With incredible precision, what’s more, because the viewfinder is just so wonderful – fibre optic viewfinder – and you can just see everything and have real manual control over what you’re doing. It’s a proper cinematographer’s camera, you know. But this is an ambulance chaser’s camera. And that was what I was using to shoot Facing the Music (2001). And there it is, push AF, push auto focus. You know when you’re looking through the thing, because the lens is not very good – it’s not very clear – you can’t really tell whether it’s in focus or not. So you push this button, you know. And I thought after about three weeks, 'No thanks’.
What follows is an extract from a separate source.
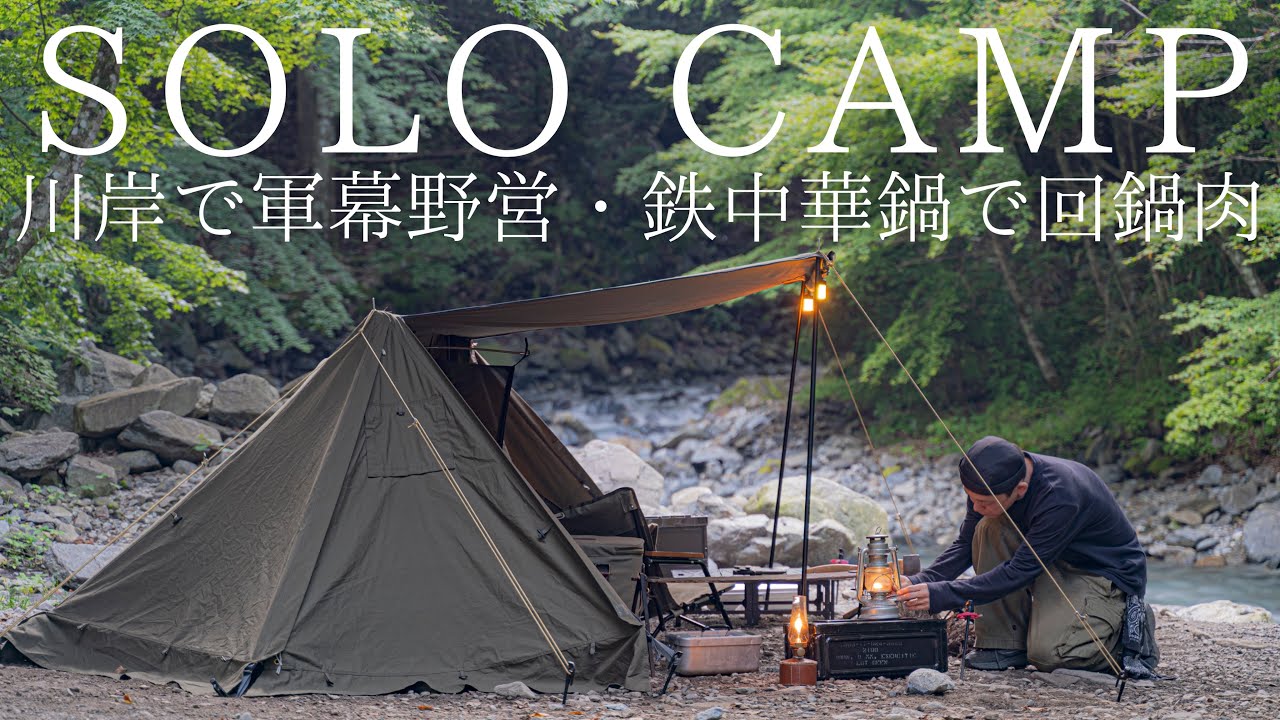 川のほとりでソロキャンプ。川と軍幕の相性も抜群で最高な野営でした♪ 新しいクーラーボックス、本当にかっこいいです! 生地、素材、色、内部構造も含めディティールが美しくて、感動しました! 今回の鉄中華鍋修行はホイコーローです! シンプルだからこそ、野菜と肉の旨味が最高でした♪ 川のほとりでの軍幕野営は秋の涼しさを感じることが出来て、これからの秋キャンプを創造出来た、ステキな時間でした♪

This camera had a magazine on it. And at the end of ten minutes – and I never ever work with an assistant – you’d have to take that off and put it in a black bag, and open it up and put the roll of film in, thread it through there, not being able to see what you’re doing, take it out of the black bag, open up this side, dispose of your exposed roll of film, and then load another one in. I got it down to about – how long did it take you, Ray? I got it down to about four minutes. You know, something like that.

The Robin Anderson Film Awards

Well when Robin died, both our kids were going to MLC School in Burwood. And a group of people sort of assumed that I would want to set up some sort of a scholarship, you know, in her name or sort of an award of some sort just to perpetuate her memory at the school. And so I went to see the headmistress, Barbara Stone, and um, I said, 'Well we’d like to set up some kind of a memorial award at the school, for scholarship’. And it just, then I said, 'It would be nice if it was somehow connected with filmmaking’. And Barbara Stone said, 'Well you know, why don’t – rather than restricting it to the school why don’t you – are there any awards for student filmmakers in high schools?’ and things. And we came up with this idea of a student film competition for high school kids studying film at school.

What’s happened in the last ten years I suppose with the development, the explosive development of non-linear – you know, digital – cameras and editing systems, is that the kids have taken it up. And it’s now a very well established discipline in schools. And a lot of kids are making films, being introduced to the whole art form for the first time. And so we give awards for fiction and for non-fiction and for animation. And for mobile phone films and stuff like that. And it’s, this is now about its sixth year and it’s going gangbusters.